Revenue comprises the fair value for the sale of goods and services,
net of value-added tax, rebates, discounts and expected returns.
Revenues are normally reported gross with a separate recording of
expenses to vendors of products or services. Revenue is recognized
when persuasive evidence of an arrangement exists, delivery has
occurred (transferred significant risks and rewards of ownership
and control) or services have been rendered, the price is fixed or
determinable, collectability is reasonably assured (probable that
future economic benefits will be realized) and the costs can be
measured reliably. Recognition of revenues from construction
contracts also depends on being able to measure reliably the stage
of contract completion.
The REC Group’s opinion is that it has no significant difficulties in
deciding when delivery has occurred, except to some extent for the
PV system projects. Delivery is normally according to terms in the
relevant contracts. When REC products are sold with a right of
return for damaged goods, experience is used to estimate and
provide for such returns at the time of sale. For the PV system
projects, judgment is needed to decide if it is a construction
contract or sale of goods or services, which affects when revenue
shall be recognized. In 2010 the REC Group had limited experience
in sale of PV systems and the probability of realizing future
economic benefits effectively limited some revenue recognition for
2010. Sales of PV systems that are realized by sale of special
purpose entities are also accounted for as mentioned above.

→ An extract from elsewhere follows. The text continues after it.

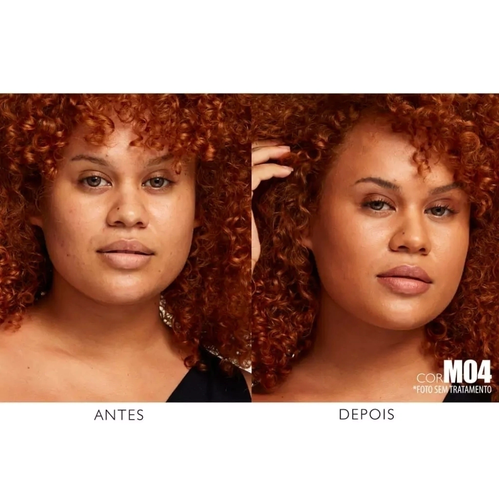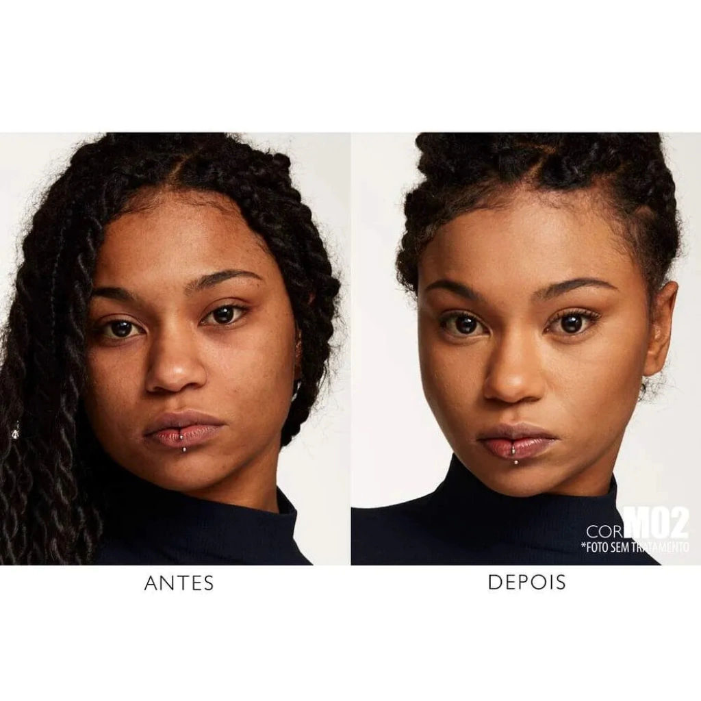 Cobertura média a alta: uniformiza o tom da pele e disfarça imperfeições.

When sub-contractors are used to perform parts of the production,
e.g. wafer cutting or solar cell or module production, revenues are
not recognized on the delivery to these sub-contractors. Instead a
cost for the production service is recognized at the time the
revenue for sale to the customer is recognized.
The REC Group has some long-term contracts in different segments
where sales prices and volumes are predetermined, with some
adjusting mechanisms. The contracts are often take-and/or-pay
contracts. The volumes and prices may vary between years, and
some are declining over time and some increasing. The customer
may also be able to choose various product types and qualities each
period. The REC Group has determined that each year’s prices and
quantities are separate deliveries and revenues should be
recognized according to the contract terms for the individual year.

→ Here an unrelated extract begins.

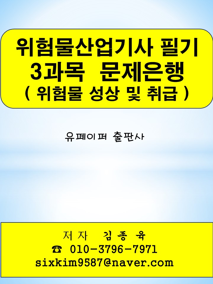 "위험물산업기사 필기 3과목(위험물 성상 및 취급) 문제은행"은 저자가 수험생 입장에서 단기간에 문제를 풀고, 합격에 도움이 될 수 있도록 구성된 문제은행식 저서입니다.

Some products, primarily solar modules, are sold with product
warranties. The expected warranty amounts are recognized as an
expense at the time of sale, and are adjusted for subsequent
changes in estimates or actual outcomes (see notes 4 and 20).

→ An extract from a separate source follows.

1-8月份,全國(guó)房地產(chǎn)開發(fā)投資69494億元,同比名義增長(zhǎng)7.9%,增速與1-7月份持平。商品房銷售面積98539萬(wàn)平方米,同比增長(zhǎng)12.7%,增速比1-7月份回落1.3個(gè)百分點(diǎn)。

2.20 INTEREST AND DIVIDEND INCOME
Interest income is accrued on a time basis. Dividend income from
investments is recognized when the shareholders’ rights to receive
payment have been established, normally on the declaration date.
2.21 LEASES
Leases are classified as finance leases whenever the terms of the
lease transfer substantially all the risks and rewards of ownership
to the lessee. Other leases are classified as operating leases. The
evaluation is based on the substance of the transaction. The criteria
that primarily has been the decisive factor for the REC Group in
concluding that a finance lease exists is when the present value of
the minimum lease payments amounts to at least substantially all
of the fair value of the leased asset at the inception of the lease. In
determining minimum lease terms and payments it has been taken
into consideration the possibility of termination of contracts.